Her mouth curved in a secretive smile; she sighed with pleasure. Reiko saw her suspicion confirmed. The chamberlain had taken advantage of his wife’s passion for him and promised to make the crime worth her while. After she’d rid him of his enemy, he’d rewarded her by bedding her as she had longed for him to do.

“I disguised myself as Gosechi. I wore my hair down,” Lady Yanagisawa said, stroking the black tresses that flowed down her bosom. “I put on the kind of bright, pretty clothes that Gosechi wears.” She touched her orange kimono. “I covered my head with a shawl. I carried a dagger that my husband gave me.” Her fingers curled around the hilt of an imaginary weapon.

“Why did you take Kikuko with you?” Reiko said.

Guilt shadowed Lady Yanagisawa’s features. Even if she didn’t care that she’d killed a man, she felt she’d done wrong by bringing her daughter on such an errand. “Kikuko has been difficult lately. When I tried to leave the house, she screamed and clung to me. She wouldn’t let me go. I had no choice but to take her along.”

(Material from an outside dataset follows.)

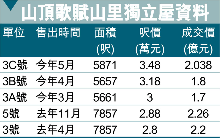 歌賦山5屋售罄 會德豐套10億 (圖)

Lady Yanagisawa shook her shoulders, casting off blame for her lapse of maternal responsibility. “We rode in the palanquin to the Sign of Bedazzlement. When we arrived, I told the bearers to wait for me down the street. I told Kikuko that she must stay inside the palanquin and be very quiet. She thought it was a game. I left her and hurried into the Sign of Bedazzlement.” Lady Yanagisawa drifted across the room as if in a trance, following the path along which the chamberlain had sent her that night. “There were other people in the house-I could hear them in the rooms. But the doors were shut. The corridor was empty. No one saw me.”

Reiko pictured Lady Yanagisawa’s furtive figure sneaking through the house of assignation, the dagger clutched hidden under her sleeve. Her eyes must have glittered with the same determination as they did now.